Толпа захохотала, но в эту минуту молодой человек, небольшого роста, с кротким и спокойным лицом, протиснулся к ней и сказал:

— Вам нужно в Маршальси? Я туда иду. Пойдемте.

Он взял ее под руку и повел через улицу. Толпа, недовольная тем, что у нее отнимают зрелище, теснилась со всех сторон, советуя отправиться лучше в Бедлам. После минутной толкотни на наружном дворе ворота отворились и захлопнулись за вошедшими. В сторожке, которая казалась убежищем покоя и тишины в сравнении с уличным шумом, желтый свет лампы уже боролся с тюремным мраком.

— А, Джон, — сказал впустивший их тюремщик. — Что это значит?
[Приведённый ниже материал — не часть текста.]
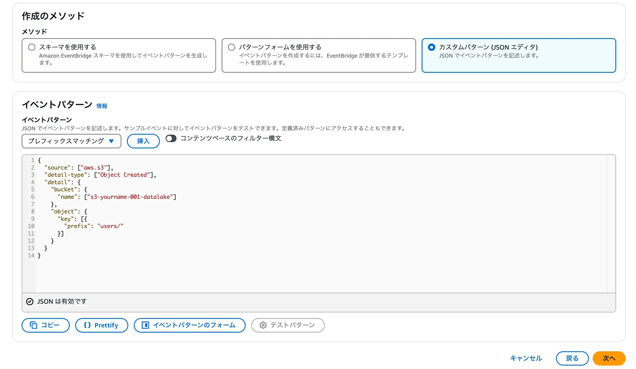 "name": ["s3-[自分の名前]-[番号]-datalake"]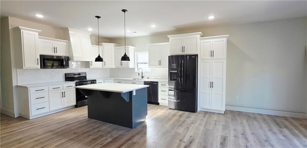 This stunning 3-bedroom, 2-bathroom new-construction home offers over 1,750 square feet of thoughtfully designed living space and countless upgrades throughout. Step inside to an inviting open-concept floor plan filled with natural light from transom windows. The spacious living area flows seamlessly into the Chef's kitchen, featuring solid surface countertops, custom cabinetry, a large island, black stainless-steel appliances, and a coffee bar - perfect for both everyday living and entertaining. The primary suite provides a true escape with its walk-in closet, dual vanity, and custom-tiled shower, creating a spa-like atmosphere. Two additional bedrooms offer generous space for family, guests, or a home office. Outside, enjoy the privacy of a spacious lot, ideal for gatherings, gardening, or simply relaxing in your own outdoors. With its custom finishes, open layout, and peaceful location, this home perfectly blends style, comfort, and convenience. Taxes and square footage are estimated.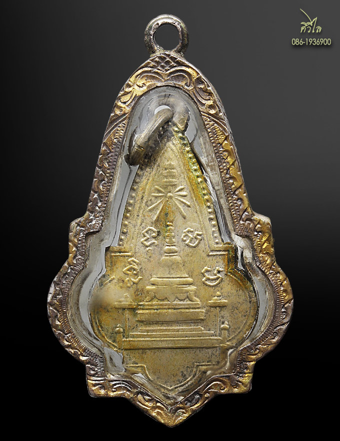 เหรียญรุ่นแรกพระบรมธาตุหริภูญไชย จ.ลำพูน ปี2460 เนื้อเงิน เลี่ยมเงินพร้อมใช้
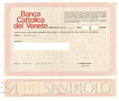 Banca Cattolica del Veneto SpA, certificato azionario nominativo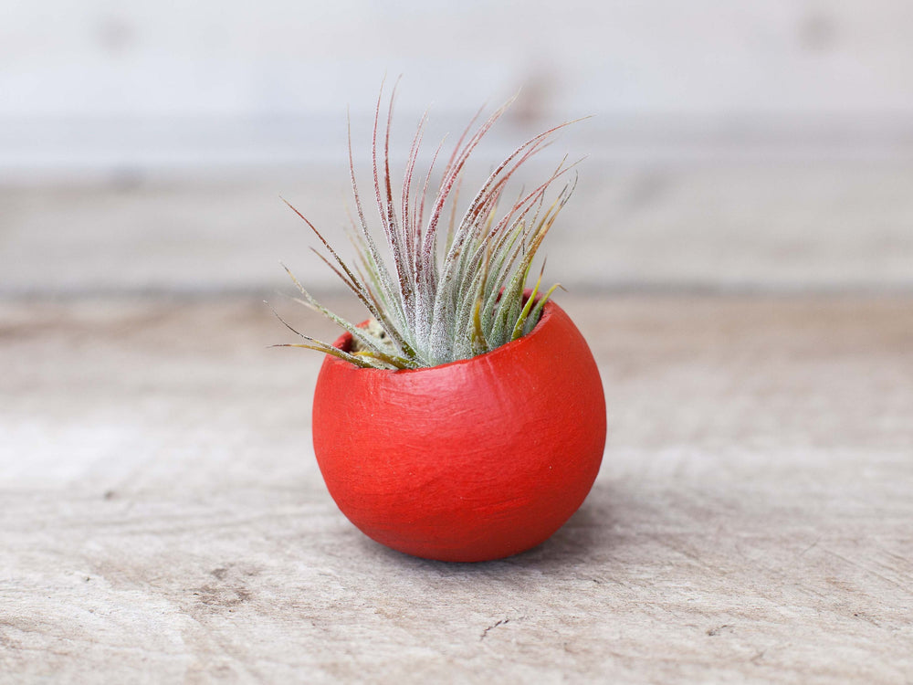 Add a bit of nature to your space with this stylish red air plant pod. We've hand-painted natural wood seed pods with a bright red to create the perfect air plant display. You customize your look by choosing your choice of colored moss.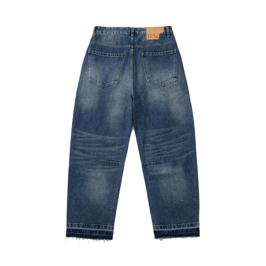 Denim Pants Men's Loose Cuff Tapered Jeans with Catwhisker Wash Casual Long Pants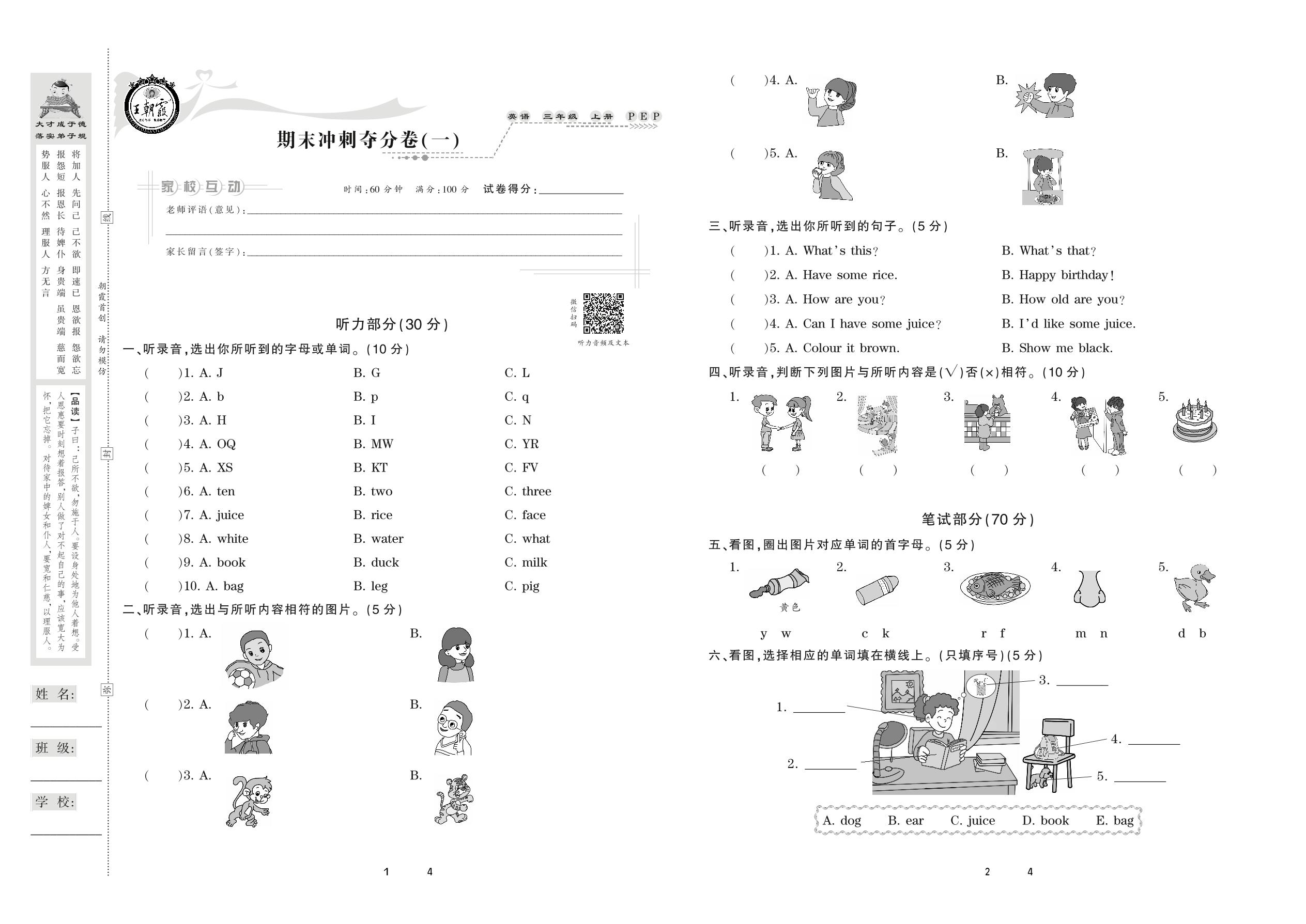 2020上册三年级英语PEP版 期末冲刺夺分卷(一)

— Ничего, отец; только эта леди не знала дороги, и к ней пристали уличные зеваки. Вам кого угодно, сударыня?

— Мисс Доррит. Она здесь?

Молодой человек, видимо, заинтересовался.

— Да, она здесь. Как же о вас сказать?

— Миссис Кленнэм.

— Мать мистера Кленнэма? — спросил молодой человек.
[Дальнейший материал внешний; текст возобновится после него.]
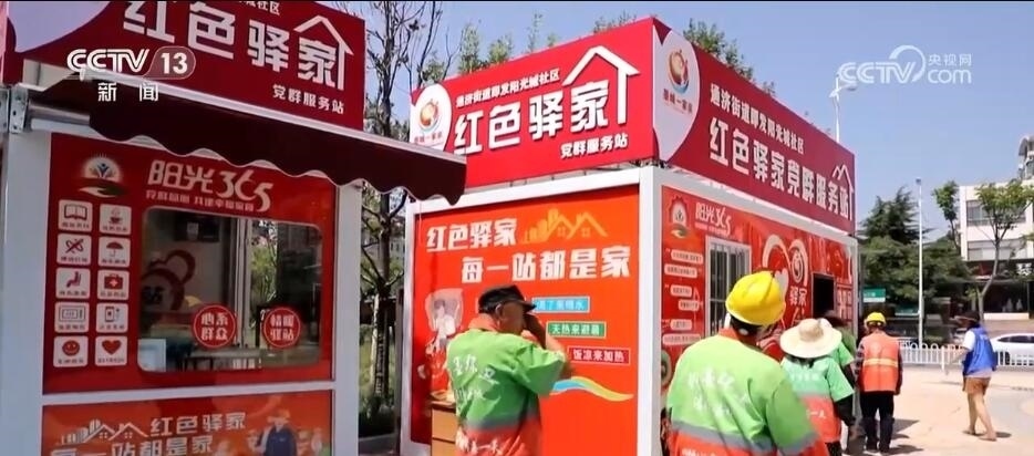 在青島市即墨區(qū),34處新啟用的“紅色驛家”黨群服務(wù)站,成了環(huán)衛(wèi)工人們歇腳的新去處。這些“紅色驛家”配備空調(diào),可以提供應(yīng)急充電、免費(fèi)飲水、急救藥箱、愛(ài)心雨傘等13項(xiàng)服務(wù)。

Она стиснула губы и ответила не сразу:

— Да. Пожалуйста, скажите, что пришла его мать.

— Изволите видеть, сударыня, — сказал молодой человек, — семейство нашего директора на даче, и он предоставил свою квартиру в распоряжение мисс Доррит. Не угодно ли, я вас проведу туда, а затем схожу за мисс Доррит.

Она согласилась, и он проводил ее по боковой лестнице наверх, в полутемную квартиру, где оставил одну. Комната, в которой она очутилась, выходила окнами на потемневший двор, где бродили арестанты; другие выглядывали из окон, прощались с уходившими друзьями и вообще коротали, как умели, летний вечер. Воздух был тяжелый, знойный, спертый; снаружи доносились нестройные звуки вольной жизни, подобные тем неотвязным звукам и голосам, которые преследуют иногда больного. Она стояла у окна, ошеломленная, глядя вниз на тюремный двор, точно из своей прежней темницы, как вдруг тихий и удивленный голос заставил ее вздрогнуть. Перед ней стояла Крошка Доррит.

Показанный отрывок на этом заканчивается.